What if instead of waiting for a heart transplant, your doctor told you he or she would build you a new one from scratch? That might sound like science fiction, but it’s closer to reality than you might think.
On Tuesday, several of the region’s top scientists gathered at the Harvard Club of Boston to discuss the viability of creating organs and other tissues in the laboratory, during a HUBweek presentation titled “The Organ Generation.”
Their wide-ranging conversation bounced from the bioethics of organs made by human beings, to how self-driving cars — and the fewer traffic fatalities they promise — might affect the organ donor pipeline. The participants included Dr. Kevin “Kit” Parker, who has been working on tissue engineering at Harvard’s John A. Paulson School of Engineering and Applied Sciences.
Joining him were Dr. Harald Ott, who has focused on whole-organ regeneration at Massachusetts General Hospital’s Center for Regenerative Medicine; Dr. George Church, a pioneer of genomic engineering and synthetic biology at Harvard and MIT; and Dr. David Kolesky, of Harvard’s Wyss Institute, who has been working on 3-D printing of vascular structures and tissues in his lab.
Moderator Sharon Begley, senior science writer with the health-and-science website STAT, reminded attendees of the grim statistics that motivate researchers: In the 90 minutes allocated to the panel, nine people in the United States would be added to the national transplant waiting list of 116,000 people. During that time, one patient would die.
HUBweek, now in its third year, was founded by The Boston Globe, Harvard University, Massachusetts General Hospital, and the Massachusetts Institute of Technology. Its many events, which run through Oct. 15, feature entrepreneurs, scientists, and journalists, as well as video projections, music, and live art performances.
At Tuesday’s Harvard Club session, Parker said his work was inspired, in part, by his own experience. His daughter, now 9, was born with a slight heart murmur, and he’s drawn inspiration from their visits to the New England Aquarium, where he’s marveled at how a jellyfish pulses its body and a stingray flaps its wings.
“The jellyfish is a muscular pump just like the heart,” he said, and the stingray’s muscles function much like those on the heart’s surface.
During the last decade, Parker has worked to create muscular cell networks that can mimic the way a heart beats. Using cells from rats and jellyfish, he’s created cell structures that pulse and pump, and valves that might one day be integrated into a damaged heart or other organs, where they’ll act as scaffolds. Eventually, patients’ cells will regenerate around the implanted valves.
Biology as architecture was a common theme during the session. Ott compared himself to a carpenter, and Kolesky jokingly referred to his research lab staff as a team of “really good plumbers,” with a key difference — he and his team are building the “pipes” and other vessels inside the human body using 3-D printing technology.

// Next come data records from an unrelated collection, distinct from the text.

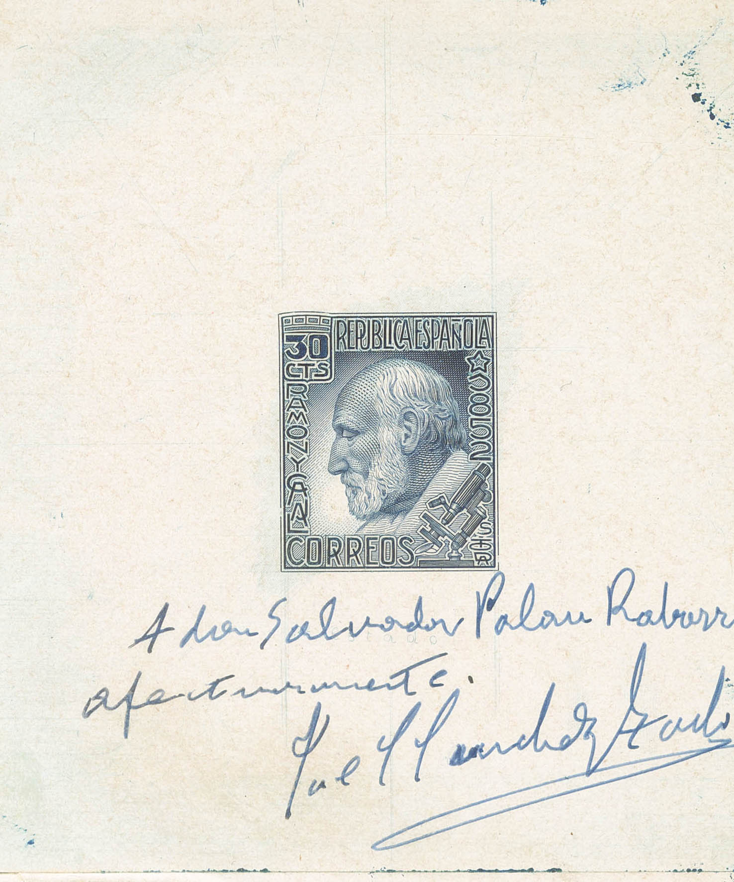 (★) 680P. 1934. 20 cts azul. PRUEBA DE PUNZON (sin pie de imprenta) y firmada por el grabador. MAGNIFICA Y MUY RARA. (Gálvez, 3063)
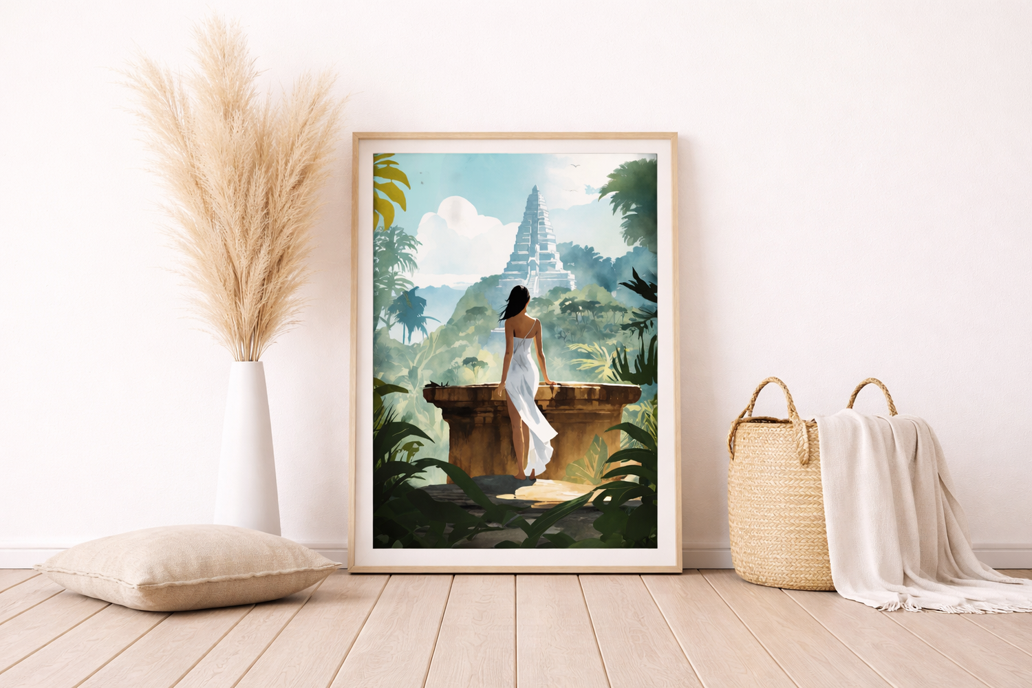 "Amalfi Dreams" Watercolor Wall Art Print - Woman in White Gazing at Mediterranean Coast - Italian Seaside Poster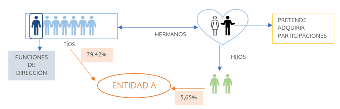 Junto con los consultantes, el resto de los titulares de las participaciones de la entidad A hasta contemplar el 79,742 por ciento son diferentes miembros de la familia de los consultantes, en particular seis tíos de los consultantes. Asimismo, próximamente está previsto que el padre de los consultantes adquiera también una participación en el capital social de la entidad A.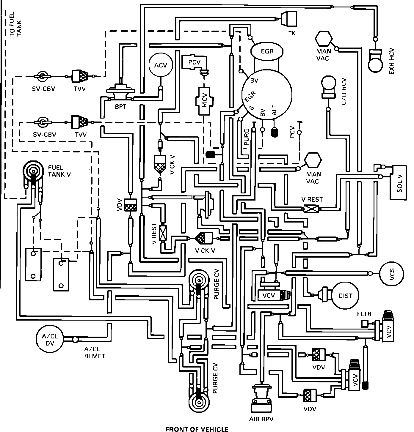 a. Cut 5/32" diameter vapor line between the steel vapor return line and the plastic three-way connector ("Y" on F Series/Bronco and "T" connector on E Series) leading to the vapor storage canisters.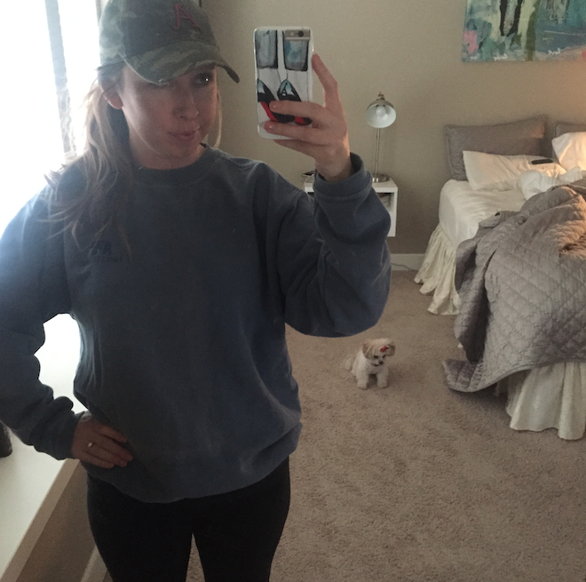 [I call this my, college-student look – UA baseball cap, fayettechill sweatshirt, uggs]

The goal, he said, is to build vascular networks that might be used in the kidney, lung, liver, or other organs.
Ott’s “carpentry” has involved creating a scaffolding of sorts. His lab strips cells from pig organs until only the collagen structure of an organ remains. He then repopulates these empty organs with human stem cells, which regenerate around the scaffold.
The lab has used this technique to develop hearts, lungs, and kidneys. Ott published a paper Tuesday in the journal Nature Communications outlining his efforts to generate a small bowel, which could have implications for patients suffering from Crohn’s disease or other gastrointestinal disorders.
The idea is essentially “personalized organ engineering,” Ott said, but he noted that while he has successfully implanted organs created in the lab into rats, it might be a long time before they are available for humans.
“If I live to see these organs make it into patients, that would be fantastic,” he said.
Church, who has played a major role in expanding knowledge of the human genome, said he already is looking toward ways organs grown in a lab can be used. Using human organs in transplants, he said, relies on beating high odds.
“The potential sources of organs are living and dead human beings,” he said. “This is not adequate, in that it requires nearly perfect matches of highly diverse genetics.” Church spoke of how, using CRISPR gene-editing technology that he helped develop, it is now possible to engineer the genetic makeup of cells so that they better match an organ recipient.
“If you make really tiny versions of human tissues, you can make millions of tests in the labs,” Church said. One day, this gene-editing technology might also be used to create “augmented” organs that are more disease resistant, helping patients better fight off infections after they’ve received an implant.
“This is not just about fixing what’s broken, but this is an opportunity for making organs that are far better,” he said.